_DIRECTIONS FOR THIS TASK_
For the entries that follow, retype exactly the lines from the one containing "처럼 꾸미는 밈이다." to the one containing "Elewacja wentylowana eliminuje", inclusive, and only those. Images stay out of the copy.

_MATERIAL FOR THIS EXERCISE_

-.-.-

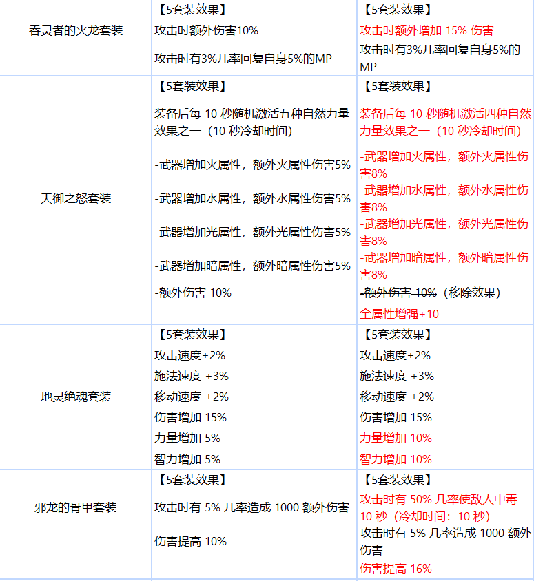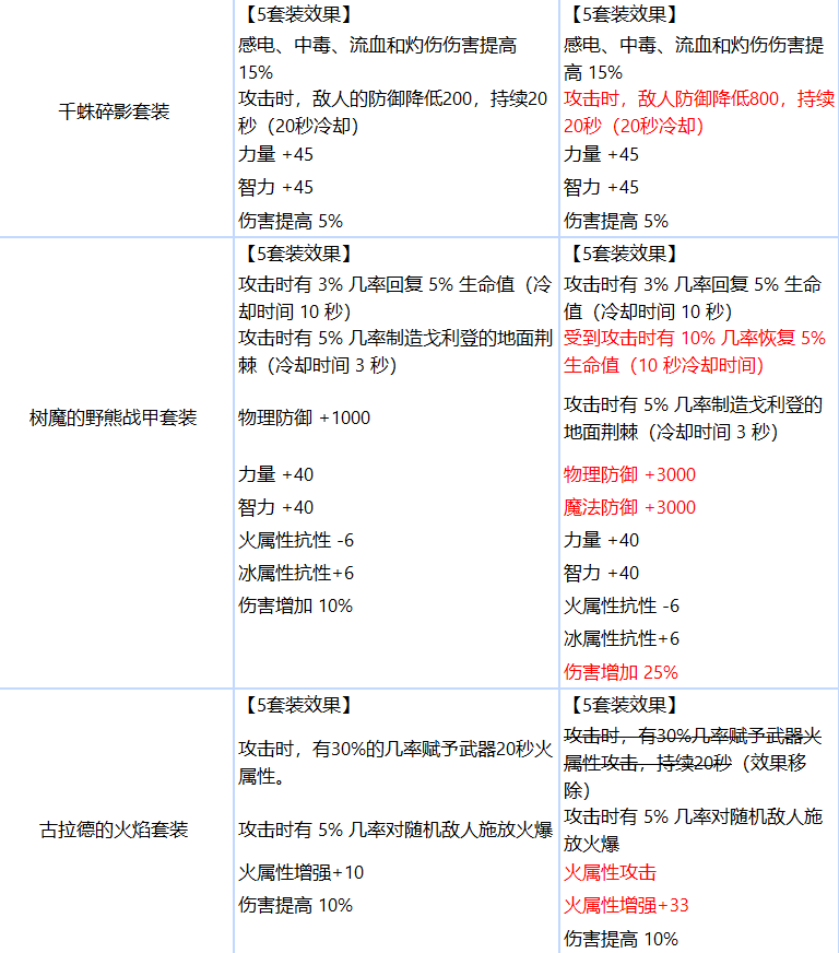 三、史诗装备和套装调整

-.-.-

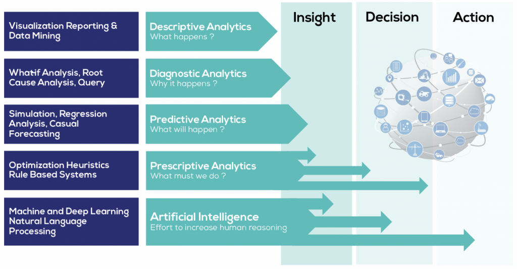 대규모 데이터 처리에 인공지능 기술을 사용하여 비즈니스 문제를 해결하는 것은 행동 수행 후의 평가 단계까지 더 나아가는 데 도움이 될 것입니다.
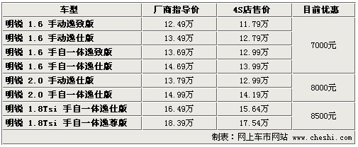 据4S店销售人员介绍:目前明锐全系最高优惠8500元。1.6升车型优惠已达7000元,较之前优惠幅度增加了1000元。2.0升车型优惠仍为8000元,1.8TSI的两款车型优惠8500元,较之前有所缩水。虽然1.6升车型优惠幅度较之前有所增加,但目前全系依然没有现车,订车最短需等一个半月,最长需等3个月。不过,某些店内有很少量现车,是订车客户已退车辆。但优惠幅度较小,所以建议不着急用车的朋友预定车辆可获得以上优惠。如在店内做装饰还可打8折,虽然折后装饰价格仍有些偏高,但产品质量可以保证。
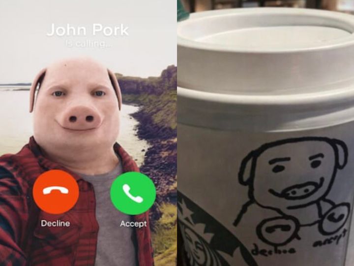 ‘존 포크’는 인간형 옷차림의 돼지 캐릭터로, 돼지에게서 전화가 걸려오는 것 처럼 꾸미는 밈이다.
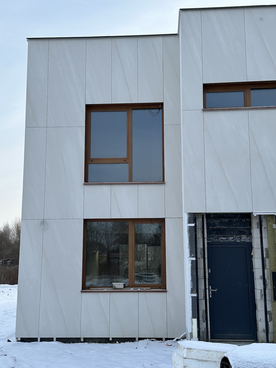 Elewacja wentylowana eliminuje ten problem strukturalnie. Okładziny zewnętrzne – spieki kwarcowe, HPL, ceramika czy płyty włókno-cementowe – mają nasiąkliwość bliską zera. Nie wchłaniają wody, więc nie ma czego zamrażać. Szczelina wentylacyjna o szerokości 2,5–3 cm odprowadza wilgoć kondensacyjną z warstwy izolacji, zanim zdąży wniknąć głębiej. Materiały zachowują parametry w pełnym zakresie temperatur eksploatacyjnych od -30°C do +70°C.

-.-.-

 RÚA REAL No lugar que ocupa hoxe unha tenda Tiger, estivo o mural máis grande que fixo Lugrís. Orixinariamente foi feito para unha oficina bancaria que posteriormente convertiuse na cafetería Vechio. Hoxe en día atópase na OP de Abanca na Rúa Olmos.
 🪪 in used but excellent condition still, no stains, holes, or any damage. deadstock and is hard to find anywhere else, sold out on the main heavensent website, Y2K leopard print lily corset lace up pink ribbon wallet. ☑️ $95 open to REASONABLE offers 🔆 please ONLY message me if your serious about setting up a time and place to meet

-.-.-

_EXPECTED OUTPUT_
 ‘존 포크’는 인간형 옷차림의 돼지 캐릭터로, 돼지에게서 전화가 걸려오는 것 처럼 꾸미는 밈이다.
 Elewacja wentylowana eliminuje ten problem strukturalnie. Okładziny zewnętrzne – spieki kwarcowe, HPL, ceramika czy płyty włókno-cementowe – mają nasiąkliwość bliską zera. Nie wchłaniają wody, więc nie ma czego zamrażać. Szczelina wentylacyjna o szerokości 2,5–3 cm odprowadza wilgoć kondensacyjną z warstwy izolacji, zanim zdąży wniknąć głębiej. Materiały zachowują parametry w pełnym zakresie temperatur eksploatacyjnych od -30°C do +70°C.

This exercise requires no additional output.